Neticede, yapılan ufak tefek çarpışmalardan 2 Müslüman ölürken, karşılık veren
Mekkelilerden de 13 kişi ölmüştü.[4]
Ardından Hz. Muhammed ve sahabeleri, içerisinde 360 put bulunan Kâbe'ye yöneldi ve
buradaki putları birer birer devirdiler. Bunun üzerine Muhammed, İsra Suresi'nin 81. ayetini
okudu: "Hak geldi, batıl yok oldu. Şüphesiz batıl, yok olmaya mahkûmdur." (Kur'an,
17:81). Bilal-i Habeşi tarafından ezan okundu. Daha sonra da hep birlikte Kâbe'yi tavaf
ettiler.[8]
MEKKE’NİN FETİHİ. FETİH SONRASİ;
Fetihten sonra bazı Mekkeliler, toplu bir şekilde gelip Müslüman oldular. Eb Süfyan'ın
karısı olan ve Muhammed'in amcası Hamza'nın ciğerini Uhud Muharebesi'nde
dişleyen Hind bint Utbe, Hamza'yı Uhud'da attığı mızrakla öldüren Vahşi bin Harb ve
İslam'ın azılı düşmanlarından olan Ebu Cehil'in oğlu İkrime de Müslüman olanlardandı.
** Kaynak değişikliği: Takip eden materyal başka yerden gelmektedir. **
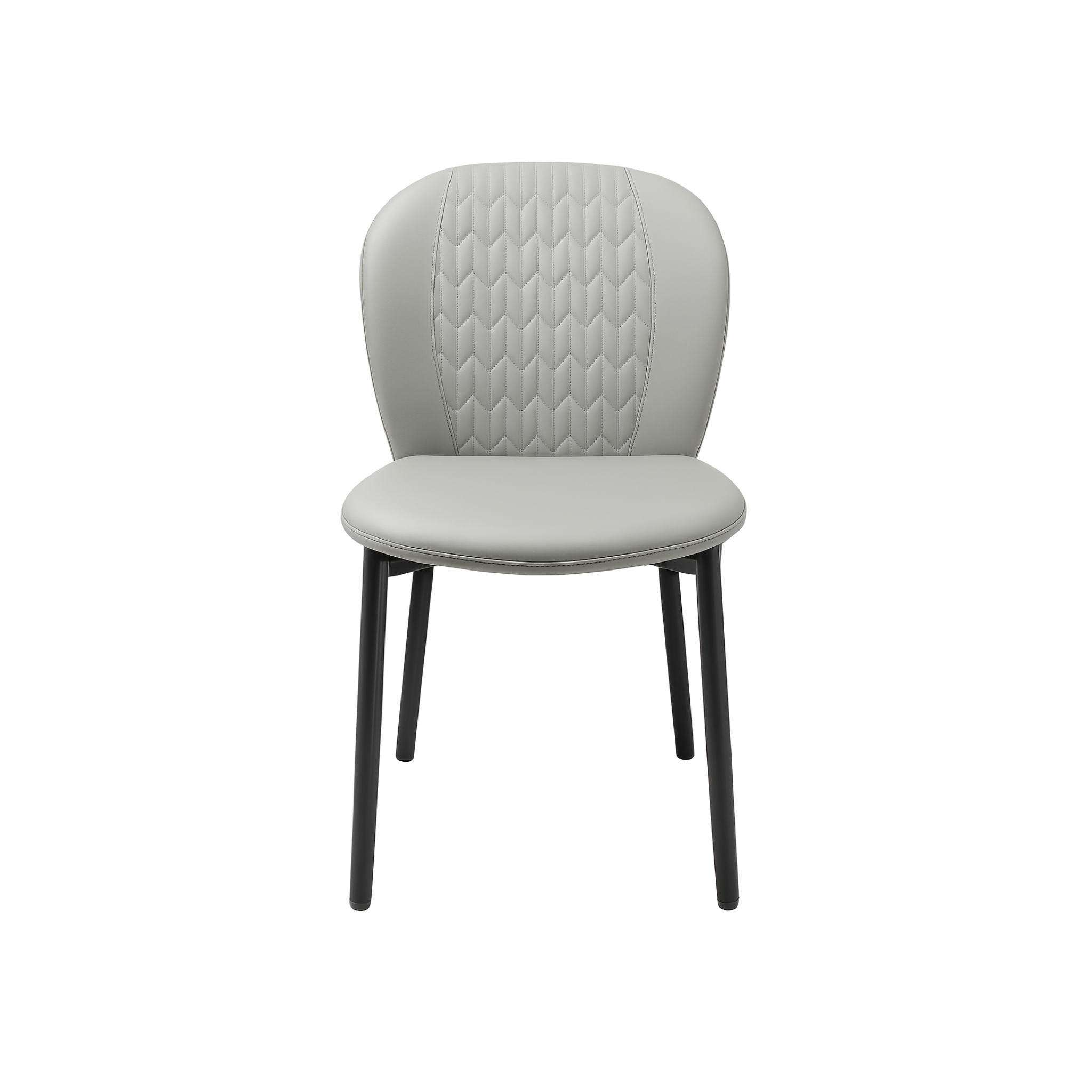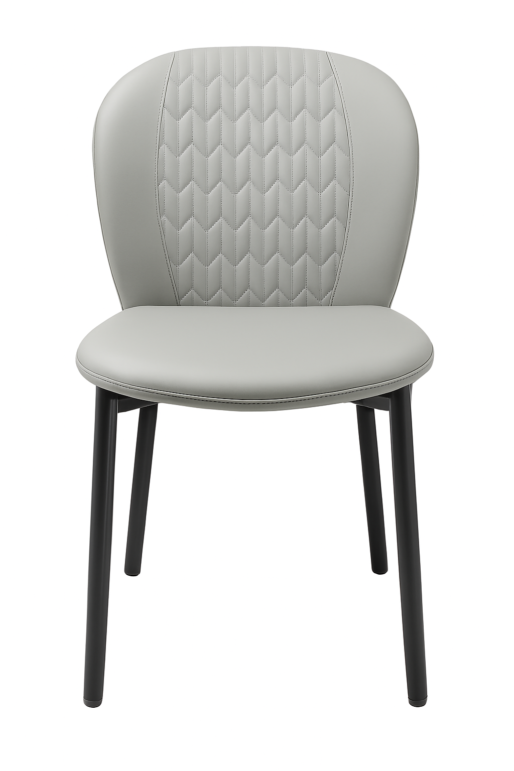 The soft grey faux leather pairs beautifully with the sleek black metal legs, creating a modern aesthetic that complements any interior — from minimalist dining rooms to stylish cafés. Built with high-quality materials, these chairs are durable, easy to clean, and perfect for everyday use.

Hz. Muhammed, Kâbe'de namaz kılıp ilk hutbesini verdi. Mekkelilerin şüphelerini de
gidermek adına hutbesinde şu sözlere yer verdi:

Benim hâlimle sizin hâliniz, Yusuf'un kardeşlerine dediğinin tıpkısı olacaktır. Yusuf'un
kardeşlerine dediği gibi, ben de size aynen diyorum ki: “Size bugün hiçbir başa kakma ve
ayıplama yok. Allah, hepinizi bağışlasın. O, merhamet edenlerin en merhametlisidir.
Gidiniz, sizler artık serbestsiniz. (Yusuf Suresi 92. ayet)”
VEDA HACCI
Veda Haccı,
İslam dininin peygamberi Hz. Muhammed'in 632 yılının Mart ayında
(9 Zilhicce) gerçekleştirdiği ilk, tek ve son haccı idi.
Bu günde Muhammed'in 100.000 den fazla kişiye Rahmet Dağı'nda verdiği son
hitabesine veda hutbesi denir.[
VEDA HUTBESİ
Veda Hutbesi, Hicri 9 Zilhicce 10 tarihinde (çeşitli kaynaklarda Miladi takvimde 6-7-8-9
Mart 632 olarak karşılanmaktadır.
İslam peygamberi Hz.Muhammed tarafından, kendisinin
ilk ve son Hac'cı olan Veda Haccı'nda 124.000 Müslümana karşı yaptığı konuşma metni.
Dinleyicilerin sayısı itibarıyla en kuvvetli hadis kabul edilir.
Rivayete göre Muhammed, bu son hutbesinde, bundan sonra bir daha hac edemeyeceğini
bildirip ölümünün yaklaştığını ima ettiği, sonraki aylar içerisinde de yaşamını yitirdiği için
bu hacca Veda Haccı, konuşmaya da Veda Hutbesi adı verilmiştir.